◆ Available data ◆
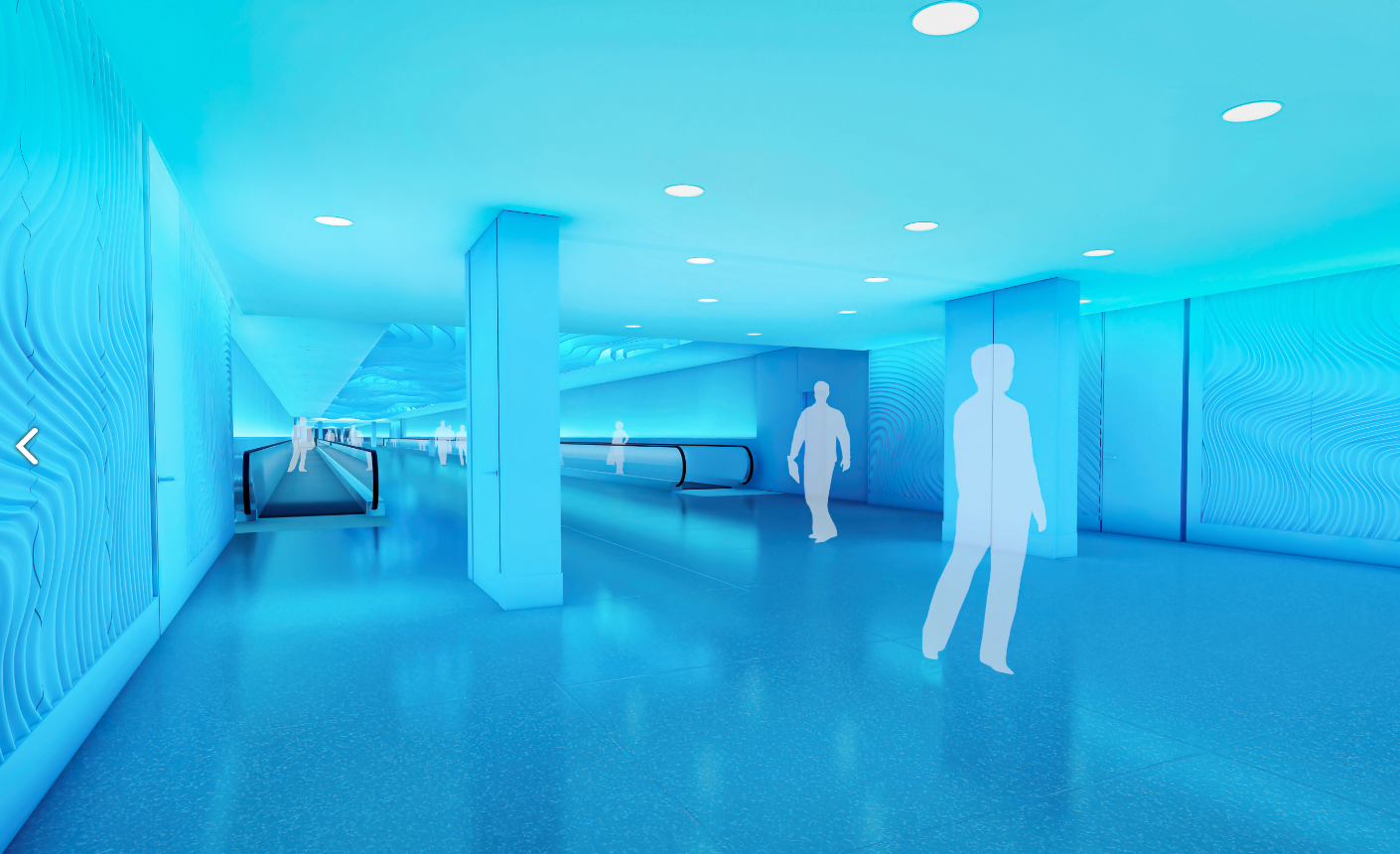 This new tunnel, which cuts the walk by up to a quarter of a mile, isn't just a mere convenience. It's also designed to be visually appealing with artwork by Gordon Huether, the man behind the airport's flagship "The Canyon" piece, lining the ceilings of the tunnel.
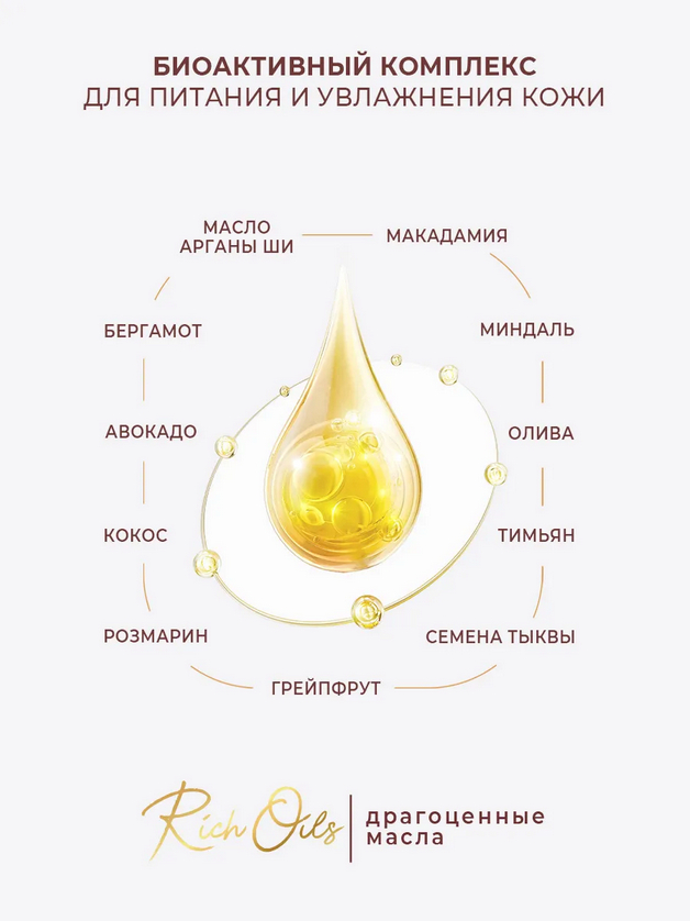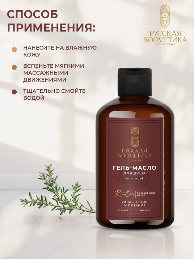 Всего одно средство вместо тысячи, чтобы сделать вашу кожу великолепной! Гель-масло – это современное средство для душа, которое нежно и бережно очищает и максимально увлажняет даже самую чувствительную кожу, не нарушая ее естественный гидролипидный баланс. При контакте с водой гель-масло превращается в бархатистую пену, окутывающую Вас тончайшим шлейфом благородного аромата и дарит ощущение нежности и комфорта во время ухода.
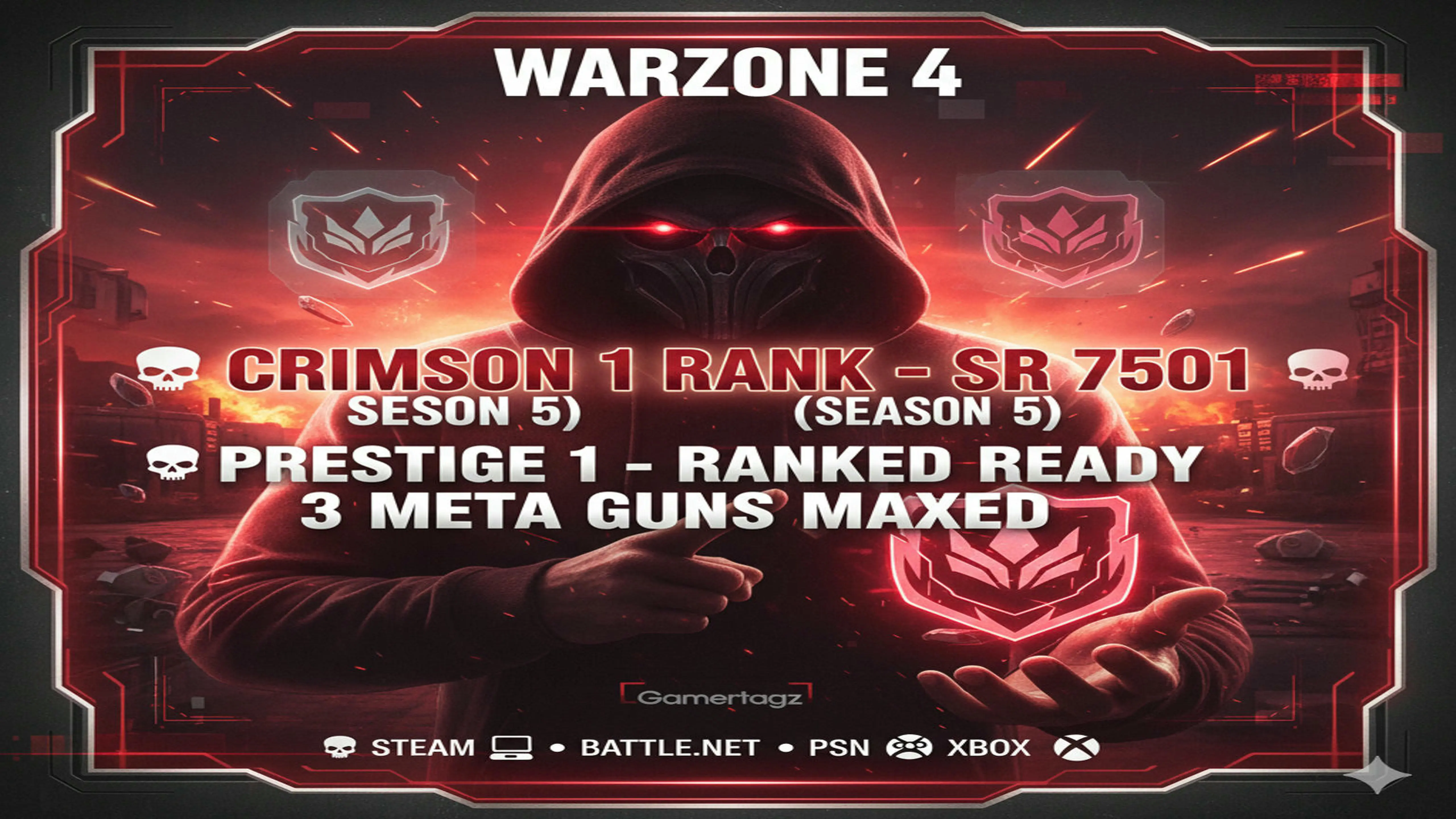 ⭕ Warzone 4 ⭕ Crimson 1 Rank SR 7501 ( Season 5 ) ⭕ 3 Meta Guns Maxed ⭕ Prestige 1 Level 49 ⭕ Ranked Operators and Camo ⭕ Full Access ⭕ Handmade ⭕ Ranked Ready ⭕ Linkable: Steam 💻 • Battle.net 🖥 • PSN 🎮 • Xbox 🟢 #GXX8Yh
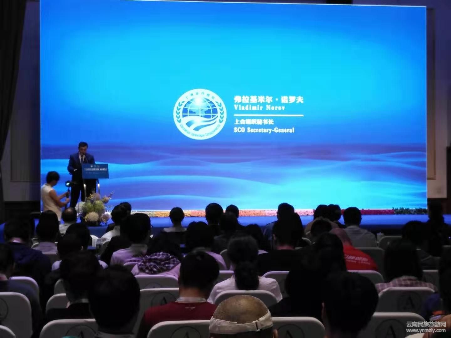 發(fā)布會上,上合組織秘書長弗拉基米爾·諾羅夫向昆明市副市長胡寶國授旗。

◆ How to complete this task ◆
Word for word, restate only the lines from the one bearing "Всего одно средство" through the final line of the listing, inclusive, with no pictures.

◆ Exercise output ◆
 Всего одно средство вместо тысячи, чтобы сделать вашу кожу великолепной! Гель-масло – это современное средство для душа, которое нежно и бережно очищает и максимально увлажняет даже самую чувствительную кожу, не нарушая ее естественный гидролипидный баланс. При контакте с водой гель-масло превращается в бархатистую пену, окутывающую Вас тончайшим шлейфом благородного аромата и дарит ощущение нежности и комфорта во время ухода.
 ⭕ Warzone 4 ⭕ Crimson 1 Rank SR 7501 ( Season 5 ) ⭕ 3 Meta Guns Maxed ⭕ Prestige 1 Level 49 ⭕ Ranked Operators and Camo ⭕ Full Access ⭕ Handmade ⭕ Ranked Ready ⭕ Linkable: Steam 💻 • Battle.net 🖥 • PSN 🎮 • Xbox 🟢 #GXX8Yh
 發(fā)布會上,上合組織秘書長弗拉基米爾·諾羅夫向昆明市副市長胡寶國授旗。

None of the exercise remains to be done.